*Exercise brief*. A verbatim repeat of the lines below is required, with the pictures removed.

*Data excerpt*.
= = = = =

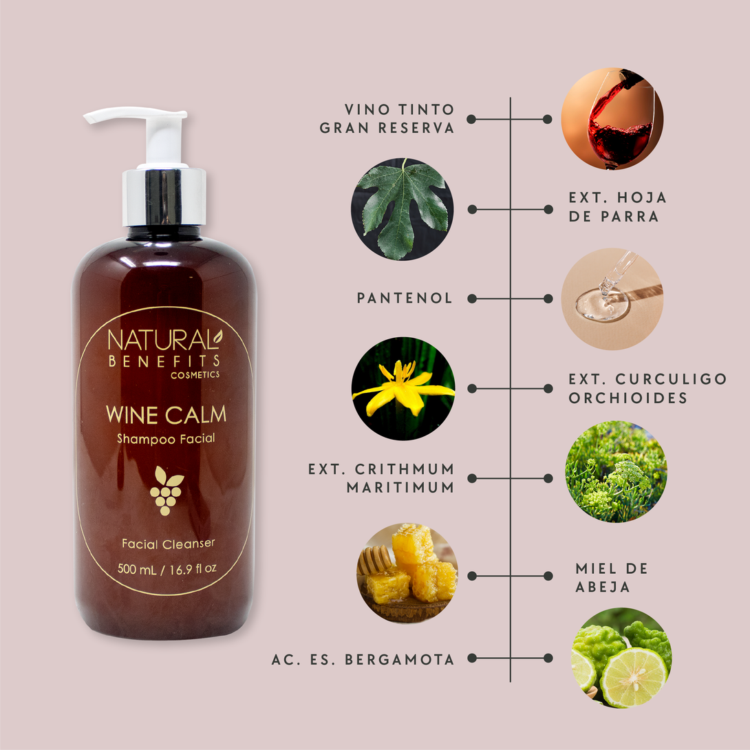 Experimenta una limpieza facial que nutre, revitaliza y protege tu piel. El Shampoo Facial está formulado con Vino Tinto Gran Reserva, Extracto de Hoja de Parra, pantenol, EXT. Curculigo orchioides y Resveratrol, activos ricos en antioxidantes que eliminan impurezas mientras preservan la hidratación natural de la piel.
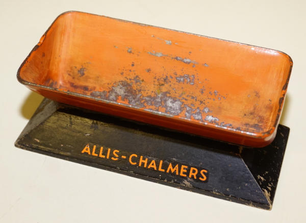 5.5" long, metal tub w/ wood base, has the diamond logo on one side, no logo on the reverse, has some paint loss in the tub and general wear, but a really neat piece I haven't seen before
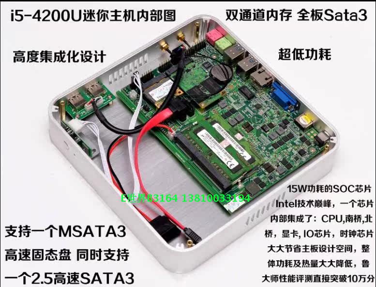 全新上市,超小迷你无风扇整机,i5-4200U支持双显支持同步异步双显,千兆网卡,USB3.0四个,USB2.0二个,支持msata固态硬盘,支持2个内存插槽,机箱使用全铝合金材料,可以起到整体散热的作用,机器尺寸:197*197*29MM
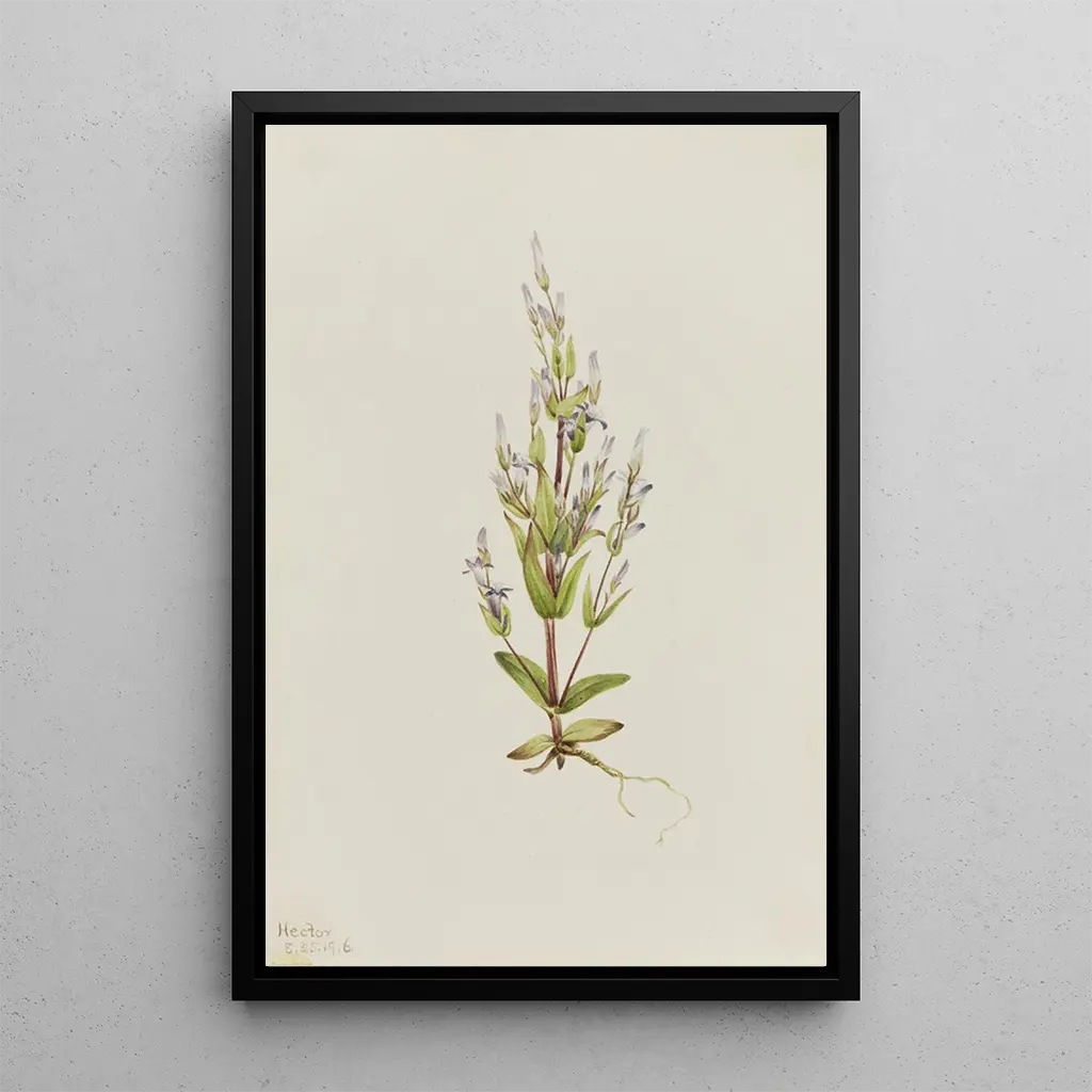 The art print of the Gentian acaule, or Gentiana acuta, immerses us in a captivating floral universe. This work by Mary Vaux Walcott highlights the delicacy of the blue petals, which seem to dance under the mountain light. The shades of blue and green evoke alpine meadows, while the subtle background enhances the splendor of this iconic plant. The watercolor technique, mastered by the artist, captures the transparency and vibrancy of the colors, creating a soothing and contemplative atmosphere. Every detail, from the veins of the leaves to the reflections of light, demonstrates meticulous observation of nature.

= = = = =

*Solution to this task*.
 Experimenta una limpieza facial que nutre, revitaliza y protege tu piel. El Shampoo Facial está formulado con Vino Tinto Gran Reserva, Extracto de Hoja de Parra, pantenol, EXT. Curculigo orchioides y Resveratrol, activos ricos en antioxidantes que eliminan impurezas mientras preservan la hidratación natural de la piel.
 5.5" long, metal tub w/ wood base, has the diamond logo on one side, no logo on the reverse, has some paint loss in the tub and general wear, but a really neat piece I haven't seen before
 全新上市,超小迷你无风扇整机,i5-4200U支持双显支持同步异步双显,千兆网卡,USB3.0四个,USB2.0二个,支持msata固态硬盘,支持2个内存插槽,机箱使用全铝合金材料,可以起到整体散热的作用,机器尺寸:197*197*29MM
 The art print of the Gentian acaule, or Gentiana acuta, immerses us in a captivating floral universe. This work by Mary Vaux Walcott highlights the delicacy of the blue petals, which seem to dance under the mountain light. The shades of blue and green evoke alpine meadows, while the subtle background enhances the splendor of this iconic plant. The watercolor technique, mastered by the artist, captures the transparency and vibrancy of the colors, creating a soothing and contemplative atmosphere. Every detail, from the veins of the leaves to the reflections of light, demonstrates meticulous observation of nature.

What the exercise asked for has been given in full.